The app, which was created by Kogan, asked personality questions, and collected information from the app’s users and their Facebook friends without their knowledge. Cambridge Analytica, Kogan, and Nix then matched the app results with U.S. voter records for profiling and targeted advertising.
Cambridge Analytica has not settled.
Nix's attorney, Kory Langhofer, reacted to the FTC settlement in a statement to ABC News on Thursday.
“The most striking fact here is that Alexander Nix did nothing wrong," Langhofer said. "In our many conversations with legal counsel for the FTC, when we pressed them for any evidence of wrongdoing by Alexander, they never claimed such evidence and stated instead that such evidence was unnecessary. The FTC has a perplexing policy of seeking conciliation agreements with people, like Alexander, who were proximate to but not responsible for wrongdoing. In signing such an agreement, Alexander admits no wrongdoing and pays no fine; rather, he simply agrees not to violate FTC regulations in the future. That of course is unobjectionable, because Alexander never violated FTC regulations and intends never to do so in the future.”
Kogan declined to comment on the FTC action and, like Nix, did not admit to any wrongdoing in his settlement.
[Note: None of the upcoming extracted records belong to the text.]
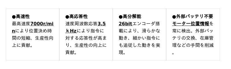 1. 産業用ロボットから精密機器まで対応する高性能●特性・性能
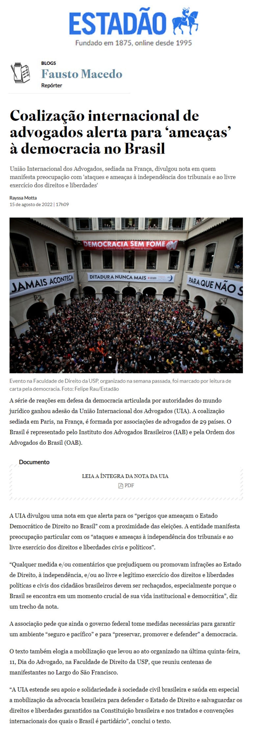 FONTE: O Estadão - 15/08/2022
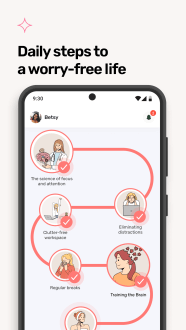 Содержание собрано специалистами и сочетает элементы mindfulness и CBT, чтобы менять негативные паттерны через практику и рефлексию. Ты настраиваешь упражнения под себя, собираешь инсайты о стрессовых ситуациях и выстраиваешь привычки для концентрации и лучшего сна. Прогресс виден наглядно, уровень тревоги снижается, уверенность растёт и мотивация возвращаться усиливается. Финал простой и чёткий: инструмент работает на твой день и на твою жизнь.
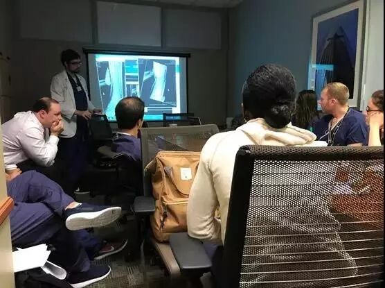 小讲课跟我们医院组织讲课相似,从疾病的定义、解剖、生理、病理、诊断、鉴别诊断、治疗。但是这里亮点是讲纯理论少,讲临床应用多,同时不时穿插提问,住院医师也很认真做笔记。
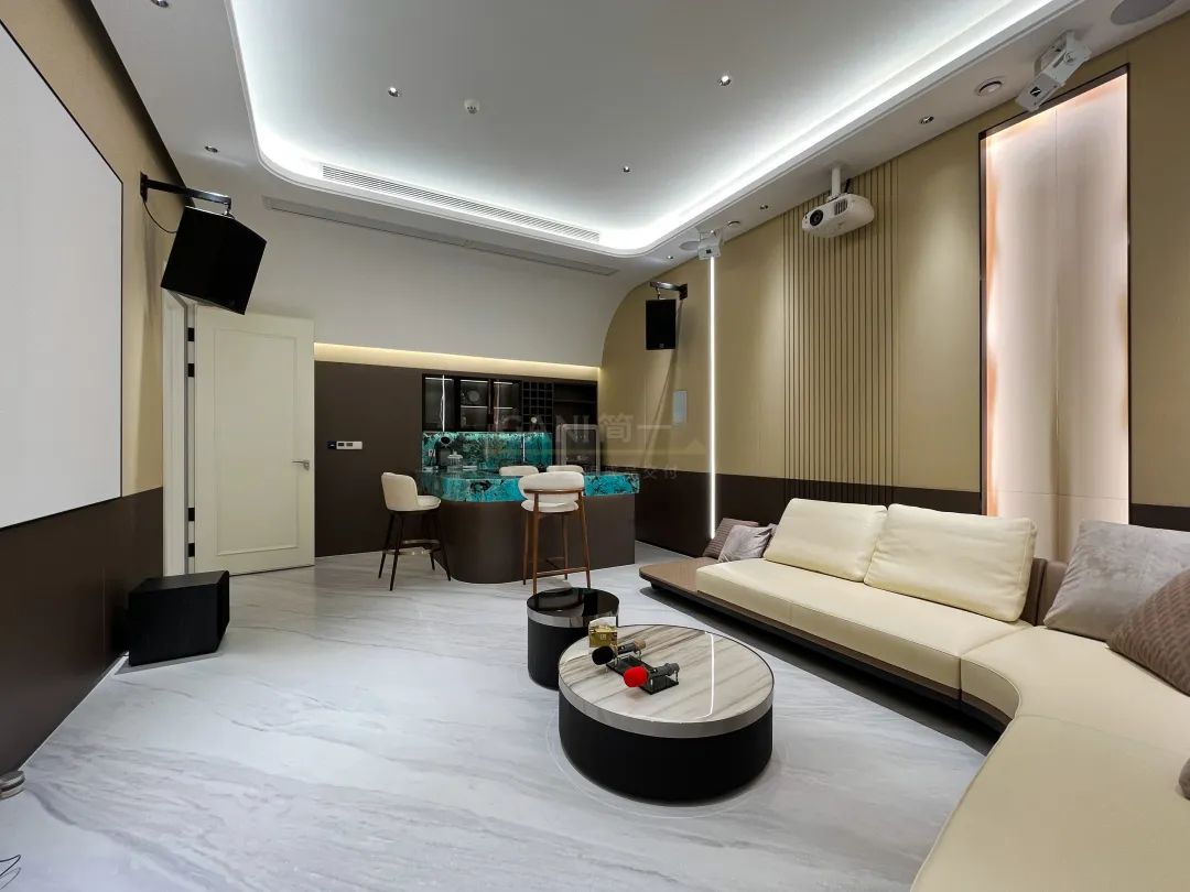 干净纯粹的暖白色,作为地下影音室的主色调,营造简洁且明亮的视觉感受。在这洁白无瑕之间,巧妙地融入翠绿色水吧岛台作为点缀,亮眼的色彩搭配提升了空间的现代美感。
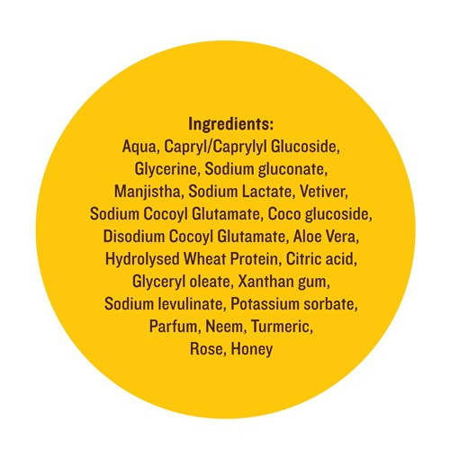 • Indian Rose Face Wash with Turmeric & Honey -Aqua, Manjistha extract, Sodium lactate, Vetiver (or Khus) extract, Sodium cocoyl glutamate, Disodium cocoyl glutamate, Hydrolysed wheat protein, Citric acid, Coco glucoside, Glyceryl oleate, Aloe Vera (or Gwarpatha) juice, Neem infusion, Xanthan gum, Sodium levulinate, Potassium sorbate, Parfum, Turmeric (Curcuma longa) extract, Rose infusion, Honey (Mel)

Separately Wednesday, the Securities and Exchange Commission (SEC) announced a settlement with Facebook over claims the company made "misleading disclosures regarding the risk of misuse of Facebook user data." The company announced it had agreed to pay a fine of $100 million but did not confirm or deny the claims.
"We share the SEC’s interest in ensuring that we are transparent with our investors about the material risks we face, and we have already updated our disclosures and controls in this area," Stretch wrote.
ABC News' Taylor Dunn and Ali Dukakis contributed to this report.